Managing the Transaction Log

In this post, I’ll discuss some tasks that you can do to manage the transaction log. The transaction log is very important to SQL Server and there are books alone on how to manage the log so this will be an introduction post.

Where do I start? The transaction log is an integral part of SQL Server. Every database has a transaction log that is stored within the log file that is separate from the data file. A transaction log basically records all database modifications. When a user issues an INSERT, for example, it is logged in the transaction log. This enables the database to roll back or restore the transaction if a failure were to occur and prevents data corruption. For example, let’s say Sue is using an application and inserts 2000 rows of data.

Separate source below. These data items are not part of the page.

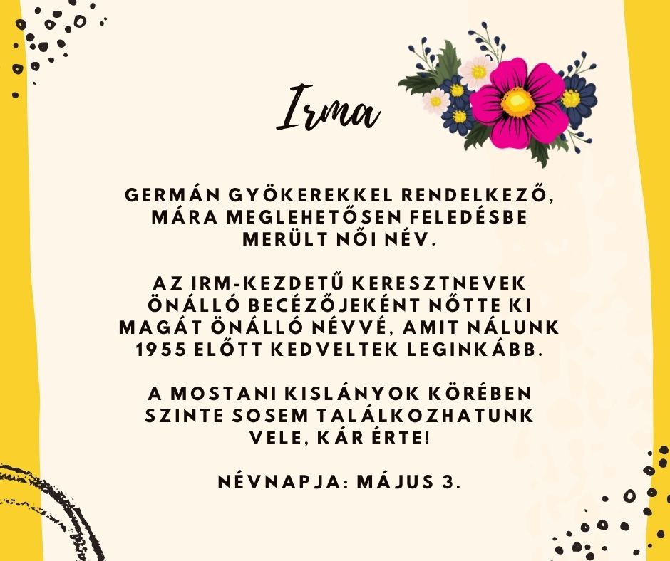 A sorban a 9. egy olyan női név, ami a mai gyerekek körében ritkább, mint a fehér holló. Nem túlzás azt állítani, hogy szinte kizárólag nagymama korúak viselik, pedig megérdemelné, hogy újra divatba jöjjön!
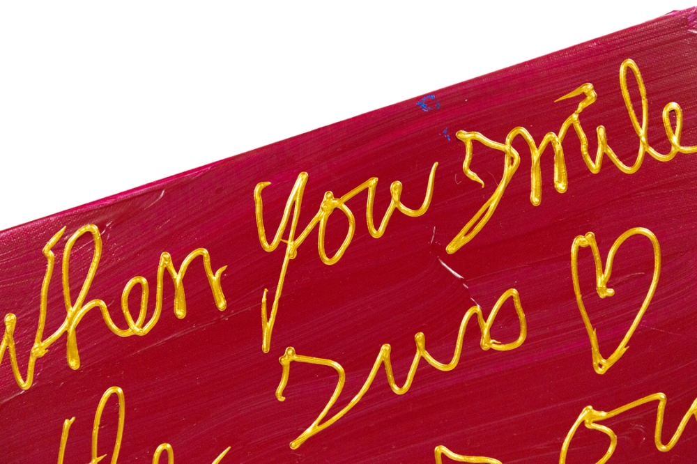 Painting with acrylic paint by Hannes D'Haese, with the inscription "When you smile the sun comes out". The work is signed by hand.
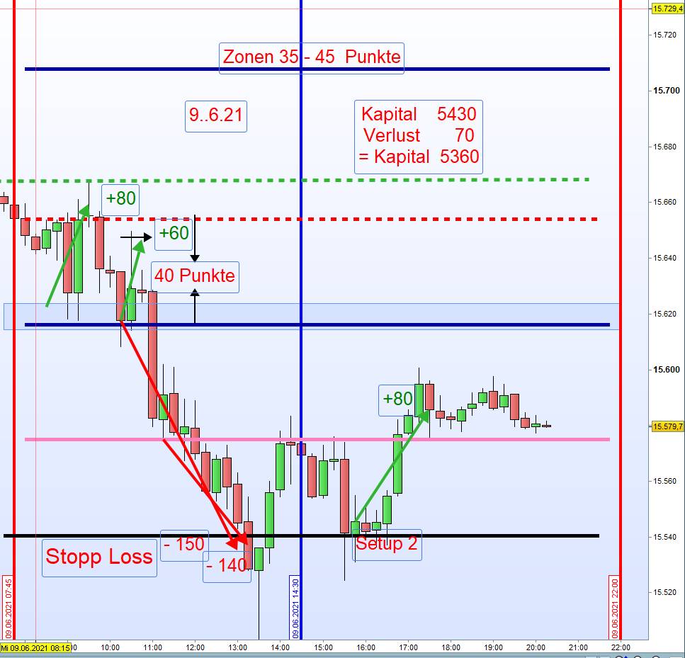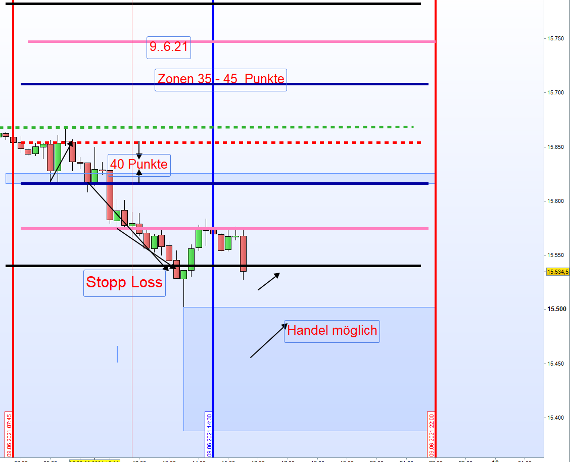 Wenn die Position schon mal 30 Punkte im Gewinn war, dann kommt SL auf Einstand.

While SQL Server is processing this data let’s say someone pulls the plug on the server. (Again, this is just an example, I hope nobody would actually do this). Because the INSERT statement was writing to the transaction log and it knows a failure occurred it will roll back the statement. If this wasn’t put in place, could you imagine having to sift through the data to see how many rows it inserted and then change the code to insert the remaining rows? Or even better, what if the application inserted random columns in no order and you had to determine what data was inserted and what data was left out? This could take forever!

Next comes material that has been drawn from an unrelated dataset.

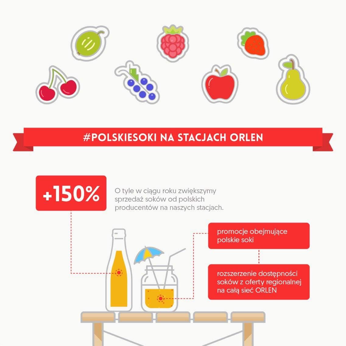 Летом 2018 года стартовал проект Polskie Soki. Программа направлена с одной стороны для поддержки местных фермеров, с другой - полностью отвечает запросам потребителей. Как результат, продажи соков на автозаправочных станциях значительно выросли. Всего за год Orlen планирует увеличить продажу соков польских производителей на своих АЗС на 150%. Продавать соки будут также на заправках магазин в Чехии и Германии.

The transaction log supports the following:

ROLLBACK TRANSACTION – If a user or application issues the ROLLBACK statement, or if the DB engine detects a failure, the log records are used to roll back the transaction.

Recover Incomplete Transactions – If you have ever started SQL Server from a failure you may have noticed databases in the (In Recovery) mode:

SQL Freelancer SQL Server Transaction Log

This is an indication that SQL Server is rolling back transactions that did not complete before the SQL Server was restarted or it is rolling forward all modifications that were recorded in the log but not written to the data file.

Rolling a restored DB, file, filegroup, or page forward to the point of failure – If SQL Server were to fail and you need to restore the database back to the point in which the failure occurred you can as long as you are using the FULL recovery model. Start with a full backup, then apply the latest differential, and the subsequent transaction log backups up to the point of failure.

High availability solutions – Transactional replication, mirroring, and log shipping all use the transaction log.


Transaction Log Truncation

One thing that I see a lot of administrators ask about is transaction log size and how to truncate it. Log records that are not managed correctly will eventually fill up the disk causing no more modifications to the database. Transaction log growth can occur for a few different reasons. Long running transactions, incorrect recovery model configuration and lack of log backups can grow the log.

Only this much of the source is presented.